Unlike many other types of blood cancer, APL has recently become relatively easy to treat. As well as standard chemotherapy, doctors use a drug called ATRA that forces promyelocytes to develop into granulocytes. The extra granulocytes will then die off, but people with APL need to have maintenance ATRA and standard chemotherapy for another two years after the cancer is gone to prevent it from returning.

Of course, chemotherapy has many unpleasant side-effects, such as tiredness, vomiting and being more prone to infections. ATRA can also cause a different set of side-effects known as ‘retinoic acid syndrome’, including fever, low blood pressure and shortness of breath.

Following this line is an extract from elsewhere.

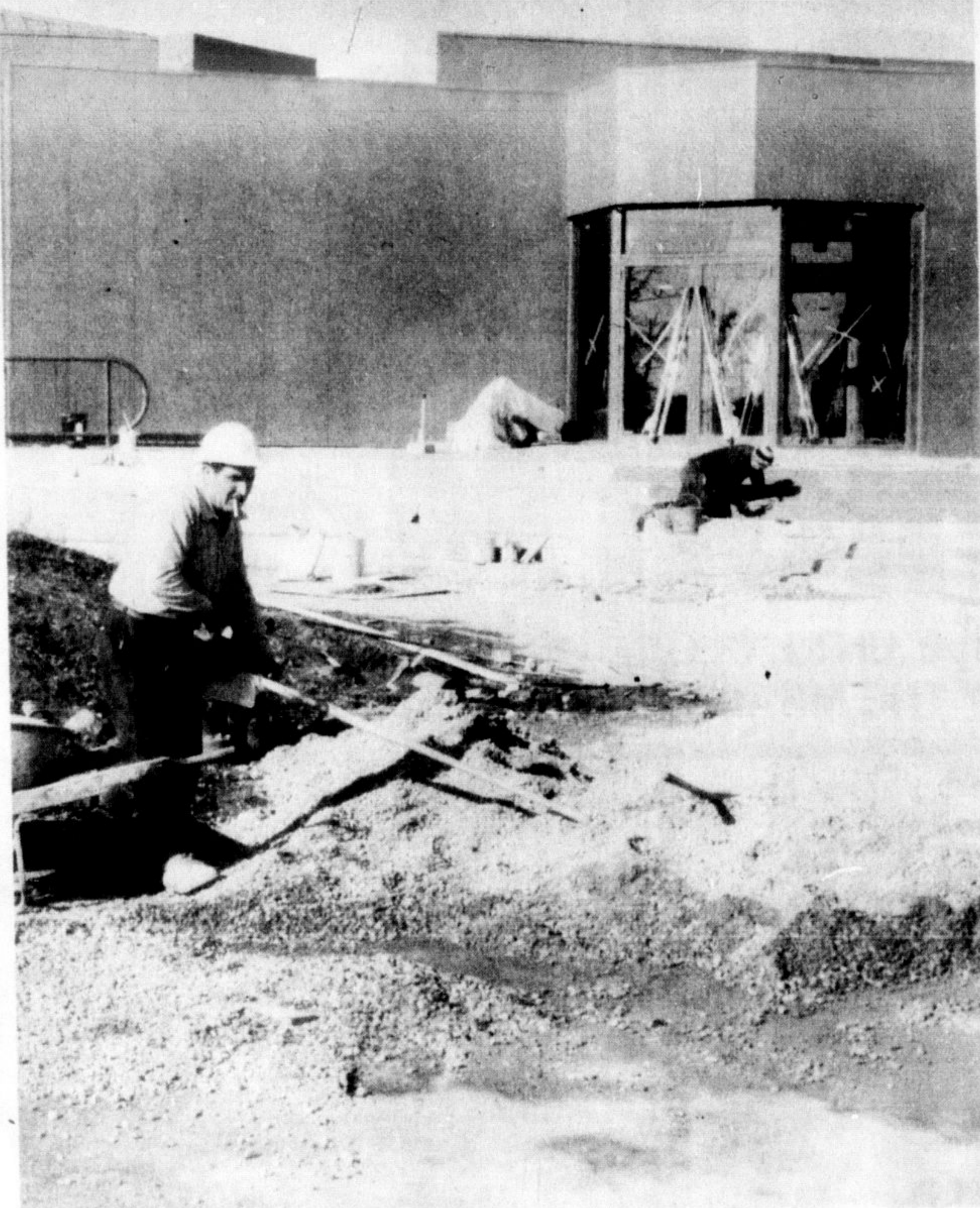
A LOT OF WORK remains to be done at Halton region's new office building, as these workmen testify. Construction debris litters the interior and exterior of the new office. The bright green building is located near the intersection of the Queen Elizabeth Way and Highway 25.

It is therefore very important to find other treatments for APL that do not have such severe side effects. One way to do this is to try to catch the leukaemia as it develops rather than when it is full-blown.

Fortunately, the time between the initial genetic damage and the development of full-blown APL after further genetic damage is very long, so there are plenty of opportunities to catch the process as it unfolds. One of these opportunities is an early change that happens to a part of the cell called the ‘nuclear bodies’, which Professors Grimwade and Solomon and their team have been investigating.

Inside APL cells

In healthy cells, the normal PML gene (the same one that gets fused with the RARα gene in APL) contains instructions to make a normal PML protein, which is involved in many of the cells’ tasks. One of these tasks is to create nuclear bodies (very small structures that may act as ‘storage depots’ for unneeded proteins in the cell), although their exact role is not clear. Damage to the PML gene causes nuclear bodies in APL cells to disintegrate into even smaller structures called nuclear microspeckles.

In the image below, the purple areas are nuclear bodies, which break down into nuclear microspeckles in APL. Professors Grimwade and Solomon wanted to know whether nuclear microspeckles can kick-start leukaemia, or whether other things also need to happen for APL to begin.

A close up of nuclear microspeckles in APL

Image credit: Susano-o, HEL cells + PML3 eCFP, CC BY-SA 3.0.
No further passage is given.